Our history of recurring operating losses, working capital deficiencies and negative cash flows from operating activities give rise to substantial doubt regarding our ability to continue as a going concern.



We intend to fund our future operations and meet our financial obligations
through revenue growth as well as through sales of our thermal-imaging products.
We cannot, however, provide assurance that revenue, income and cash flows
generated from our businesses will be sufficient to sustain our operations in
the twelve months following the filing of this Form 10-Q. As a result, we are
actively evaluating strategic alternatives including debt and equity financings
and potential sales of investment assets or operating businesses.

Conditions in the debt and equity markets, as well as the volatility of investor
sentiment regarding macroeconomic and microeconomic conditions (in particular,
in response to the COVID-19 pandemic), will play primary roles in determining
whether we can successfully obtain additional capital. We cannot be certain that
we will be successful at raising additional capital.

                              Table of Contents      24



--------------------------------------------------------------------------------

A variety of factors, many of which are outside of our control, affect our cash
flow; those factors include the effects of the COVID-19 pandemic, regulatory
issues, competition, financial markets and other general business conditions.
Based on financial projections, we believe that we will be able to meet our
ongoing requirements for at least the next 12 months with existing cash, cash
equivalents and cash resources, and based on the probable success of one or more
of the following plans:

•develop and grow new product line(s)

•monetize existing assets

•obtain additional capital through equity issuances.



However, projections are inherently uncertain and the success of our plans is
largely outside of our control. As a result, there is substantial doubt
regarding our ability to continue as a going concern, and we may fully utilize
our cash resources prior to May 17, 2022.


Cash Flows - Continuing Operating Activities



During the three months ended March 31, 2021, we used $2.7 million more cash in
continuing operating activities than we did during the same period of the prior
year. The increase in cash used in continuing operating activities is a result
of the timing of payments related to elements of working capital.

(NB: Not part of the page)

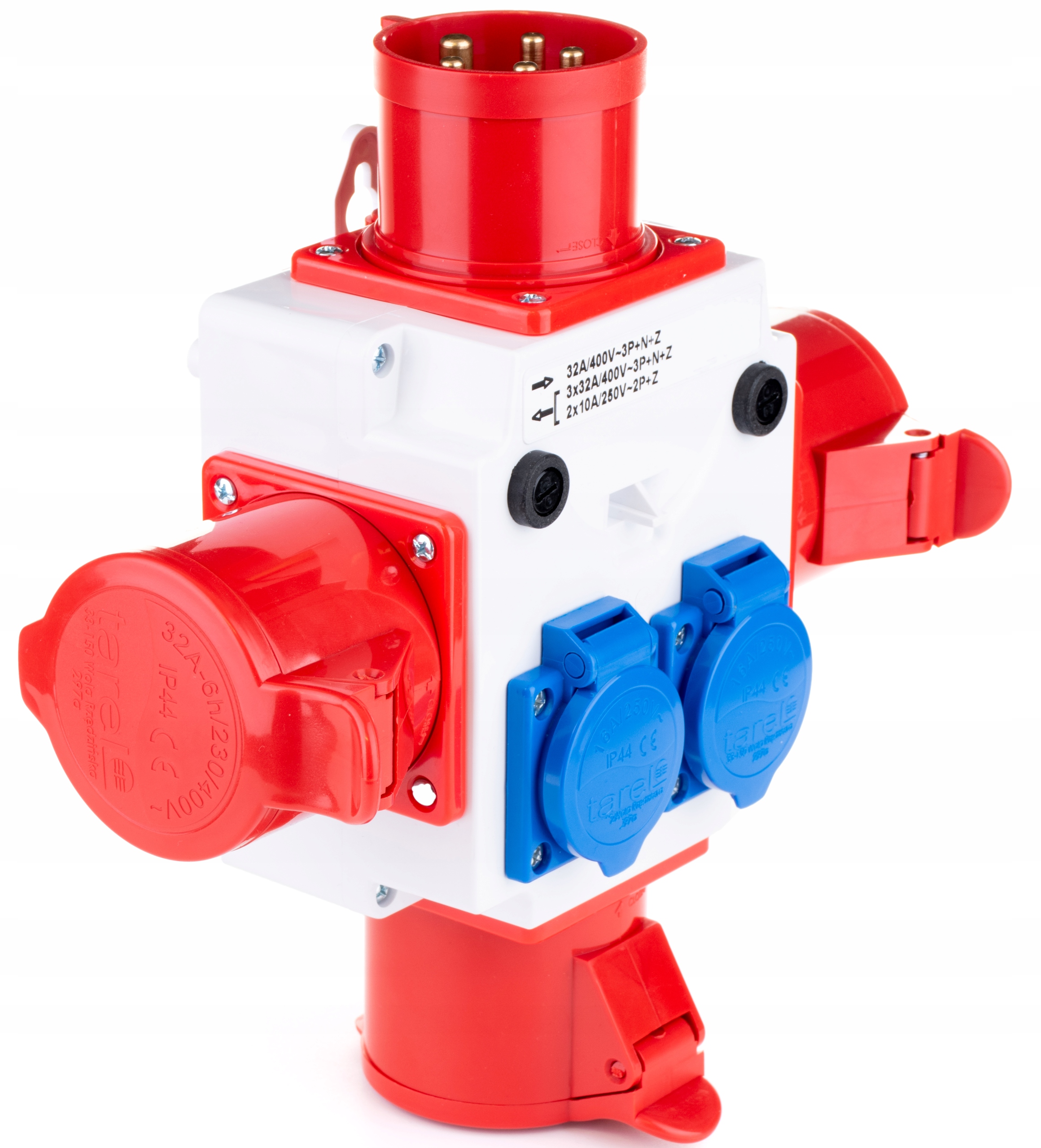 Розповсюджувач міцності дозволяє зручне та швидке з'єднання багато пристроїв одночасно. Він оснащений штекетою 32A / 400V та 5 розетками: 2x 10a / 250V та 3x 32A / 400V. Він був виготовлений з пластику стійкого до УФ -випромінювання , а ступінь захисту від житла - ip44 . Це робить його захищеним від доступу на 1 мм та більші об'єкти та від бризок води з будь -якої сторони. Він призначений для встановленого монтажу, але його також можна використовувати в портативному вигляді. Переваги силового колектора

Cash Flows - Continuing Investing Activities

We engaged in an immaterial amount of investing activities during the three months ended March 31, 2021, and the change in investing activities from the comparable period of the prior year was not material.

Cash Flows - Financing Activities



During the three months ended March 31, 2021, we did not receive any cash
proceeds from issuances of shares of our common stock, whereas the same period
of 2020 included stock sale proceeds of $4.6 million. We also received debt
proceeds of $4.8 million during the three months ended March 31, 2021, while we
did not issue debt instruments in the same period of the prior year.


Off-Balance Sheet Arrangements

We currently have no off-balance sheet arrangements.

Recently Issued Accounting Pronouncements

Please refer to Note 2 in the Notes to Unaudited Condensed Consolidated Financial Statements included in this report for a discussion regarding recently issued accounting pronouncements which may affect us.